Fourteen years after I finished school, there's still something about September which feels like the start of the year, and I'm nostalgic this morning for new pencils and felt tips, satchels and packed lunches. As the hope of the nation barrels back into classrooms, I'm also thinking back to the books I read in school.

I was away last weekend and talking about how we all read William Golding's Lord of the Flies (and no, the weekend wasn't that bad, it's just that one of my friends is currently making her way through his complete works, to settle a bet). I was 14, and I think there couldn't have been a more perfect book to pick for kids of that age – if you're not going to be hooked by Ralph and Piggy and Simon and Jack, and "kill the pig, cut his throat, spill his blood", then you're not going to be hooked by anything. This was the edition we had – just looking at it casts me back to yellow highlighters and doodling and the horrors of reading aloud.

Anyway, the shocking gloriousness of Lord of the Flies made me hungry for more Golding. Our school library was pretty small, but it did, impressively, have a copy of Pincher Martin. I am quite sure I failed to get any allegorical, existential meaning from the book, but it successfully terrified me, burning an image of Martin clinging to his lonely rock into my brain. In typically disorganised fashion, I promptly lost the book for about a month and was subsequently banned from the school library for giving it back so late – obviously as a sop to all those Golding fans clamouring for more of his work.

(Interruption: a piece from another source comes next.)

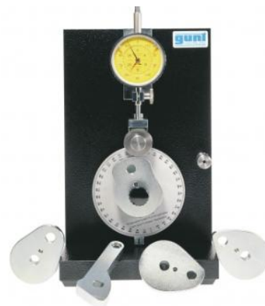
GL 110 Meccanismo a camma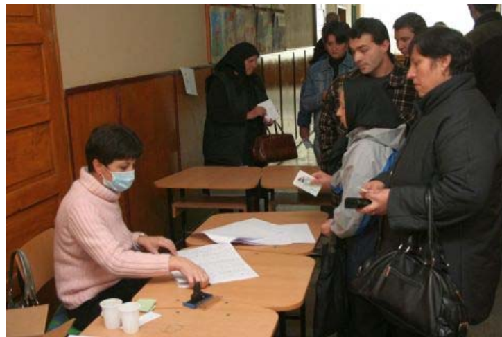
Registratie voor de uitreiking van de pakketten, november 2009

De automatische incasso zal deze keer in de tweede week van maart worden verwerkt, waarna het bedrag van uw rekening zal worden afgeschreven. Indien u zelf uw betaling wilt verzorgen dan verzoeken wij u dit te doen voor 20 maart 2010 onder vermelding van het ID.-nummer van uw Roemeense gezin. U wordt nogmaals dringend verzocht bij handmatig geschreven bankopdrachten duidelijk het ID. nummer (doosnummer) te vermelden, dit voorkomt veel zoekwerk.

Golding and my thieving tendencies aside, Jane Eyre bored me, King Lear enthralled me, and I described Romeo and Juliet in my mock GSCE as a novel – so something clearly went wrong there (thankfully I'd got the right end of the stick by the time the real thing came around). But the other book which really stands out in my memory from schooldays is Wuthering Heights. I was on to A-levels by then, but for some reason we were still going through the purgatory of reading (droning) aloud in class – possibly one of the best ways to make a group of teenagers lose interest in a novel. I was lazy, more interested in messing around than working, but I was so caught up in the melodramas of Cathy and Heathcliff ("Do not leave me in this abyss where I cannot find you! Oh God! It is unutterable! I cannot live without my life! I cannot live without my soul!") that I'd be pages ahead when it came to my turn to read and would get in trouble for not concentrating. And I distinctly remember spending a break time racing to the end.

The rest of it, though, the years of English classes and essays, revising and exams, has largely faded into oblivion, which is rather worrying. But how about you? Indulge my nostalgia and tell me what you remember of your own literary school days.